What is a "bloodline" more for sport? What different traits should a "bloodline more for sport" have that a "bloodline for real work" doesnt have?

What if you were told that many police officers in Germany, Holland, Belgium, Sweden, etc, play with their service dogs in sport? 

What if these service dogs started their foundation in sport and then switched to other scenarios where they are expected to perform? 

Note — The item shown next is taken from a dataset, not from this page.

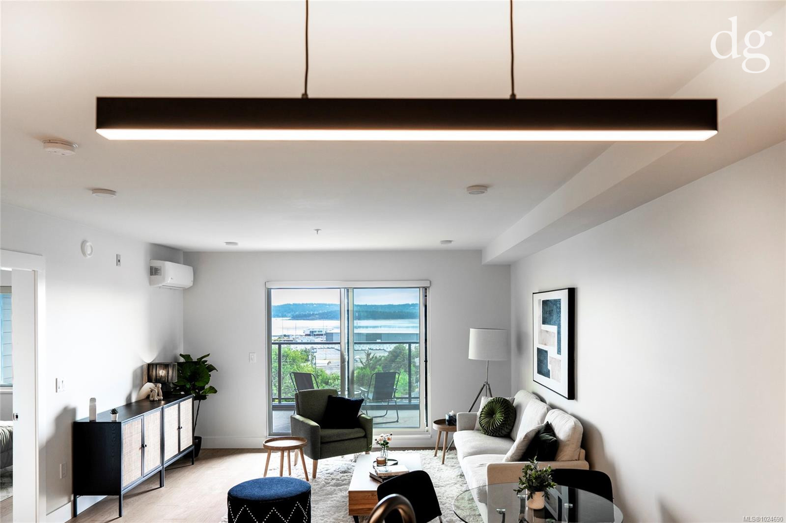 Welcome to Lumina, in the heart of Nanaimo’s Harbourview District — a Principal Property community where modern living meets coastal charm. Just steps from the harbourfront, seawall, cafés, shops, parks, and the Hullo Ferries, Lumina places you at the center of a vibrant, evolving neighborhood. This lovely residence offers a refined blend of style and comfort, featuring bright open-concept living, high-end finishes, and a spacious balcony with sweeping city and harbour views. Every element — from the quartz waterfall countertops and smart appliances to the soft-close cabinetry — reflects thoughtful design and attention to detail. Residents also enjoy access to Lumina’s stunning rooftop terrace — an elevated retreat with panoramic harbour and mountain views, perfect for morning coffee or sunset gatherings. Blending the best of coastal urban living, this home is more than a place to live, it’s a front-row seat to downtown Nanaimo’s vibrant future.

To be honest with you, I have seen far better dogs from sport lines than "real" dogs... Sport dogs that would happily fight a man.


Regards


----------



## Michael Murphy (Nov 27, 2010)

im not making a statement that the dogs used for sports are different from the ones used in police work etc. or that they could not perform real work. the point is there not different. there all put in the same category. the testing requirements for a WORKING dog currently are too low in my opinion. its usually up to the breeder to take the responsibility to test and breed to a higher standard.
for example van leewuens on this forum breeds knpv dogs, which is a sport, however also test and selectively breed for real life situations. z pohrincie straze etc also have had famous dogs that have competed in shutzhund, but again more real life focused (or they use to be) . 
what im saying is real workings dogs should be tested at a higher level, to be given that title.
most dog sports are not adequate tests, even knpv and ipo are falling in standards apparently and becoming more points focused. 
so i go to the source, i ask the respected (ones i respect) breeders on their opinions. cause titles dont tell me crap


----------



## Michael Murphy (Nov 27, 2010)

this should be the rule not the exception, this is training (testing) 

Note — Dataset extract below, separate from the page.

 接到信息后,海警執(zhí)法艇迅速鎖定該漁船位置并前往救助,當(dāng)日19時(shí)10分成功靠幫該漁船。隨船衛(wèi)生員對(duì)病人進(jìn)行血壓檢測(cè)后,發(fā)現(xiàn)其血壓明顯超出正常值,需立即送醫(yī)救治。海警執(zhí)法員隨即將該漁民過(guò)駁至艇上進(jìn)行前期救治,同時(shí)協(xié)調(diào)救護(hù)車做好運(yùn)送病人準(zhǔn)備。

http://www.youtube.com/watch?v=ow1dHLcwH48&list=UU1HPhuJ7Pk14FPFi_xX_NBA&index=87&feature=plcp
http://www.youtube.com/watch?v=pTUwVWO8qO0
http://www.youtube.com/watch?v=R9OtcNZid7Q


----------



## mike suttle (Feb 19, 2008)

Michael, 
the three dogs you showed video of are nice dogs for sure. But I saw nothing in any of these videos that I would consider a real test of a police dog's desire and ability to take real pressure and stay in the fight. While I believe all three of these dogs would take a great deal of pressure, these particular videos show dogs working well on a bite suit with no real pressure from the man.
In the first video (the GSD) I saw a dog take a back bite, then shift his grip to the tricep. The decoy has his back turned to the dog and put zero pressure on him. What part of that is a test to you? Just curious to get your thoughts on this, maybe I'm missing something here. There are hundreds of sport dogs that would never pass a true police dog selection test that would do anything the dogs did in these videos. Again, I know these three dogs would take a lot of pressure and would (did) make good police dogs, but these videos dont show a proper test of the dogs character and desire to stay in the fight when the man truely fights back, in my opinion.


----------



## rick smith (Dec 31, 2010)

back to the beginning ...

re : "Question 1 - is the military , police etc in the usa using more knpv, nvbk, french ring or fci bloodline malinois (or dutchy)?"
....do you REALLY think there is available data on this that would answer this question ????????......if you're lucky, you "might" get less than a dozen people here who might tell you their dog's background....if it really mattered 

"Question 2 - you have a scenario where your using dogs to patrol a countries border to "stop" people crossing lol, in other words the dog is working independently without a handler. (yes depends on the individual dog, training etc) do you go for knpv dutchy/malinois , nvbk malinois , czech german shepherd, ddr gsd or west german gsd ?"
....you live in Australia, right ??????
....do you know any other countries where dogs patrol country borders without handlers ????????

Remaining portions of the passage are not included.